I sit here on my living-room sofa, sipping tea. Now that the chaos of Passover has somewhat abated, even though the chaos of the coronavirus lingers, I have time to reflect on the past month. I scan my organized bookshelves and feel relief at having let go of so much clutter. I reflect on the Passover Seder, this year so different than other years (all other years)—eating matzah, the bread of faith and healing. As I sit alone, I feel the quietness of my living room. I wish my mind felt as quiet, but I shall try. I will try to begin my day-to-day routine tomorrow, the new normal of social distancing.

And through it all, I wonder, how I can bring this freedom I experienced over Passover into my day-to-day life?

The month of Iyar is coming. We have begun the process of counting the Omer, which takes us on a 49-day journey. Each day will cleanse another one of our emotional attributes, so that we’ll be ready to receive the Torah on Shavuot, the 50th day.

I feel the quietness of my living room

Although the Omer spans three Hebrew months, the month of Iyar is the only month during which we count the Omer every single day. Each day, we set aside time to think about our emotional and spiritual health, and how to prepare ourselves to receive the Torah.

The Hebrew letters that spell the month of Iyar are an acronym for the phrase “Ani Hashem Rofecha”—“I am G‑d, your healer.” The fact that we have a special mitzvah of personal growth for the entire month clearly shows the healing potential carried within it. Yet there is something even more unique about the healing that takes place in this month, as G‑d is always a compassionate healer the entire year. The month of Iyar reveals the aspect of health that is G‑dly and above logic. When a person goes to the doctor, the doctor diagnoses the illness and provides medicine to cure it. Many medicines just treat the symptoms of the illness, not the root of the illness itself. The medicines may have side effects and can interfere with many other functions of the body. G‑d, however, heals the root of the illness, a healing so complete it is as if the illness was never there.

In Kabbalah, the word yad is used to refer to G‑d’s healing “hand.” There are a number of different stages of healing: In G‑d’s “surgery,” He opens the site of illness, removes the damaged tissue, cleans and heals the site of the wound, closes the skin and then heals the skin so there is no scar or sign of illness. This final level of healing, revealing absolute health, is the level of healing we experience in the month of Iyar.
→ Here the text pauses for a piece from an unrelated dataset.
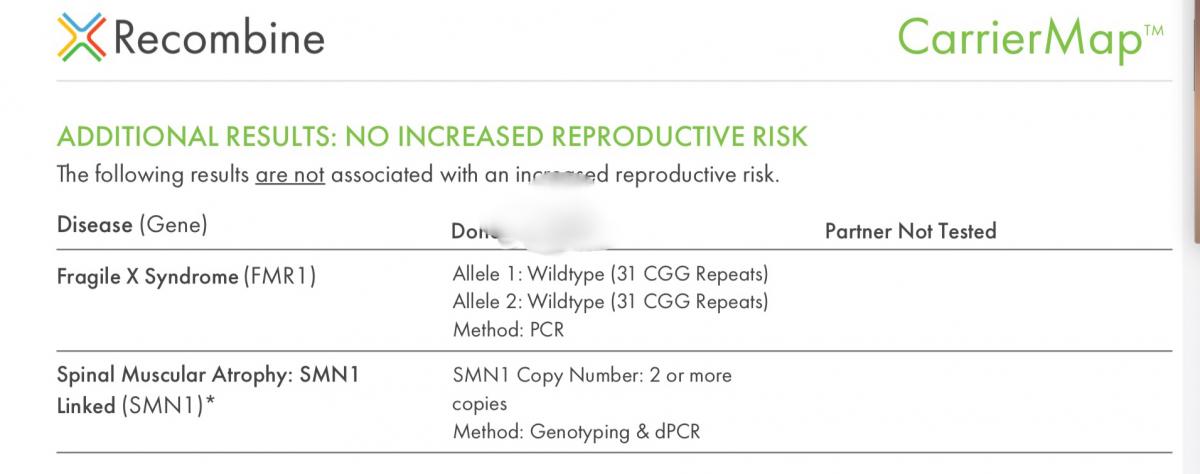 Hi Genetics gurus! Need your help. We are planning on using an egg donor and she is not tested to be a carrier for any genetic conditions tested as shown on the second pic. However, on first pic there is another table that confuses me. What does it mean? Shall I be worried about it? Thank you!

Jasa was distraught after hearing that his son would have to have his leg amputated due to rapidly spreading cancer. A friend advised that he call the Lubavitcher Rebbe for a blessing. Rabbi Hodakov, the Rebbe’s secretary, answered the phone, and after hearing the details of the dire circumstances, relayed the Rebbe’s message that Jasa should call back on Friday with good news. Sure enough, at the next X-ray, there was not a sign of cancer in sight. This is just one example of the power of the Rebbe’s blessing. Through his deep connection to G‑d, the Rebbe was able to bring the level of complete healing into reality.

Through the spiritual and emotional process of Iyar, we, too, can manifest this power to bring true, unlimited, revealed G‑dly healing into this world.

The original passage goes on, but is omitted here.